Abstract:
A method and apparatus for the automatic control of oxidative treatment of material with chlorine dioxide. The method and apparatus of the invention automatically adjust the amount of chlorine dioxide applied to the system being treated by a multiple feed-back loop system to provide adequate oxidative treatment while avoiding overfeed or underfeed conditions.

Description:
This invention relates to a method and apparatus for controlling the rate at which chlorine dioxide is generated, wherein the method and apparatus are responsive to the needs of the system for treatment with chlorine dioxide. 
     BACKGROUND OF THE INVENTION 
     Chlorine dioxide has long been recognized as an oxidizing treatment having great utility in a variety of applications. Chlorine dioxide is used in the paper industry as a bleaching agent for paper pulp, in the water and waste treatment industry as a biocide for bacteria, algae and various water-borne microorganisms, in the fat rendering and tallow industry as both a biocide and bleaching agent, and generally as an oxidant useful in destroying certain organic materials, such as phenols. In whatever application chlorine dioxide is used, the need for treatment is likely to fluctuate depending on variations in the amount of material being treated, the degree of pollution or contamination of the material, the degree of bleaching required, and so forth. 
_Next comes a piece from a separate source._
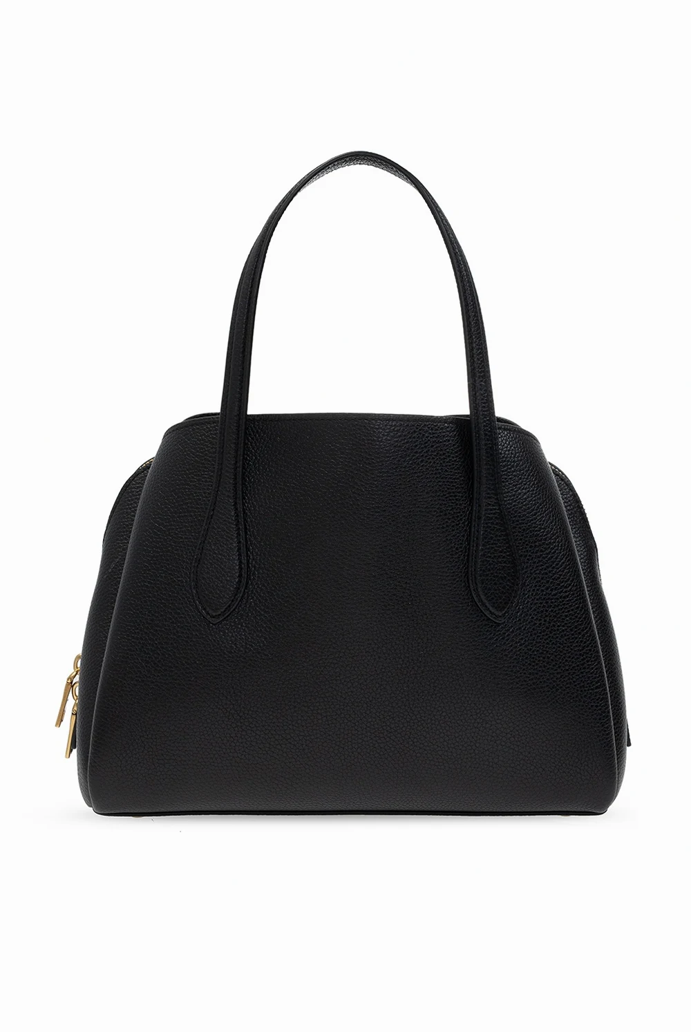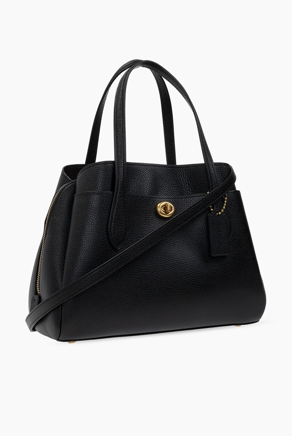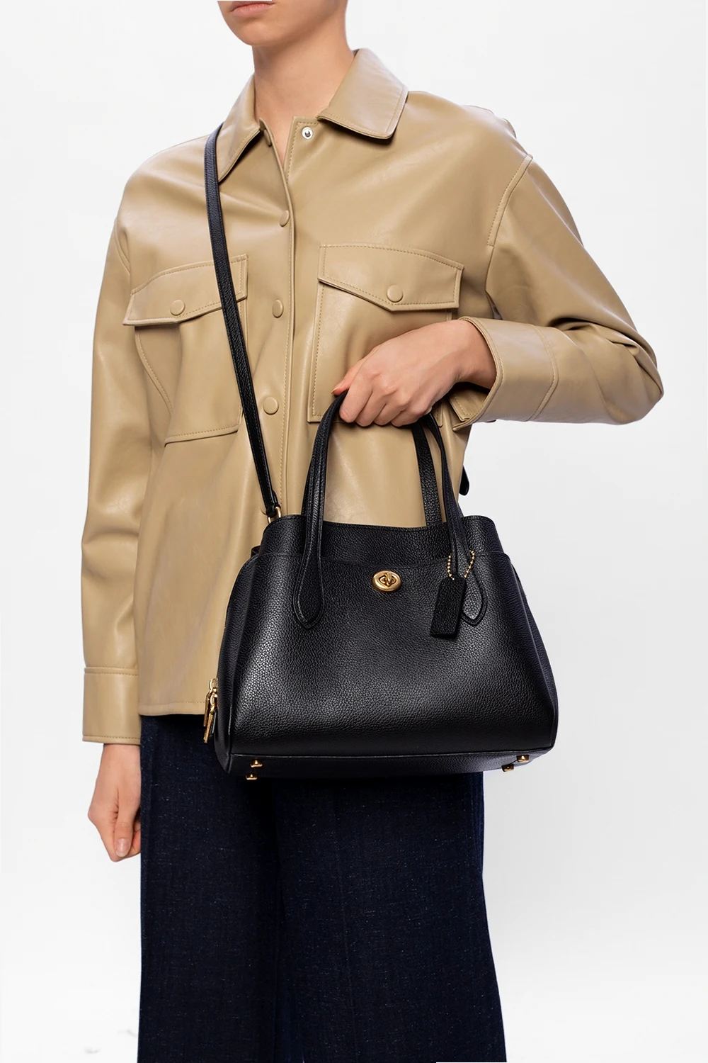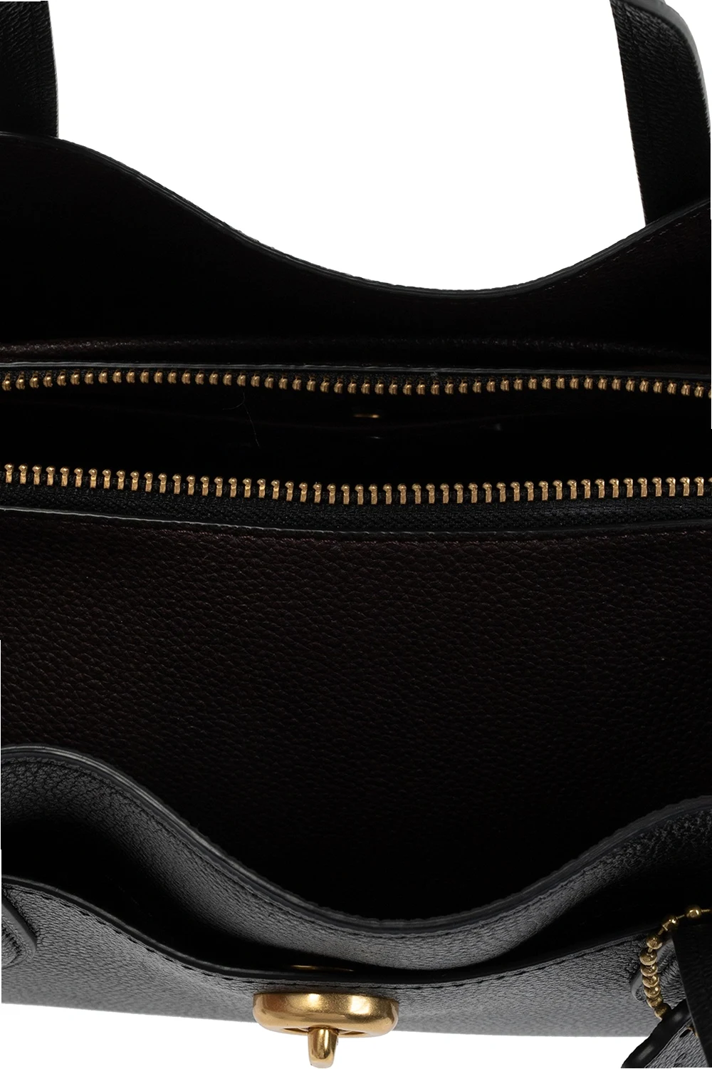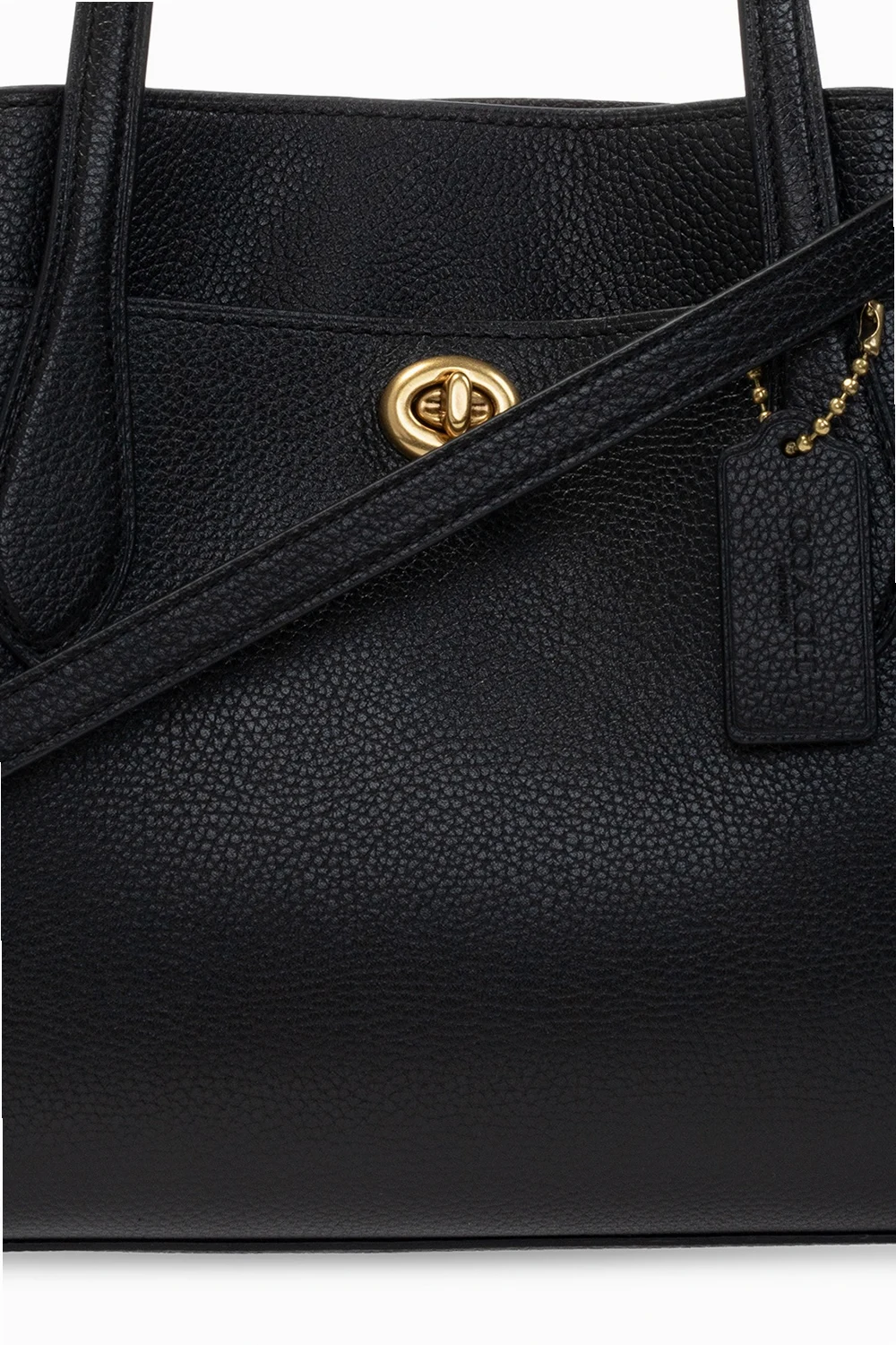 Czarno-fioletowa torba na ramię, model 'Lora' Coach. Wykonana ze skóry o ziarnistej fakturze. Z przodu kieszeń zamykana na dekoracyjne zapięcie. Dwie półokrągłe rączki oraz odpinany pasek na ramię z możliwością regulacji długości. Warstwa wewnętrzna w kolorze fioletowym. Wewnątrz trzy oddzielne komory – jedna zamykana na dwubiegunowy zamek z kieszenią zamykaną na zatrzask. Metalowe elementy w kolorze złotym.

     The process of treating water and other materials with chlorine dioxide consists generally of introducing and mixing a quantity of chlorine dioxide with the material, wherein the quantity of chlorine dioxide is sufficient to completely and effectively treat the material. In some applications chlorine dioxide is continuously generated in quantities large enough to meet the treatment requirements of peak demand. There are problems associated with operating a chlorine dioxide generator in this manner. During periods of low demand, operating in an overtreatment mode is uneconomical, inefficient, and may even result in excessive wear and tear on mechanical and electronic equipment and those materials exposed to the high concentrations of ClO 2  and reactants. During periods of extremely high demand, undertreatment conditions may result leaving materials incompletely sanitized or bleached. 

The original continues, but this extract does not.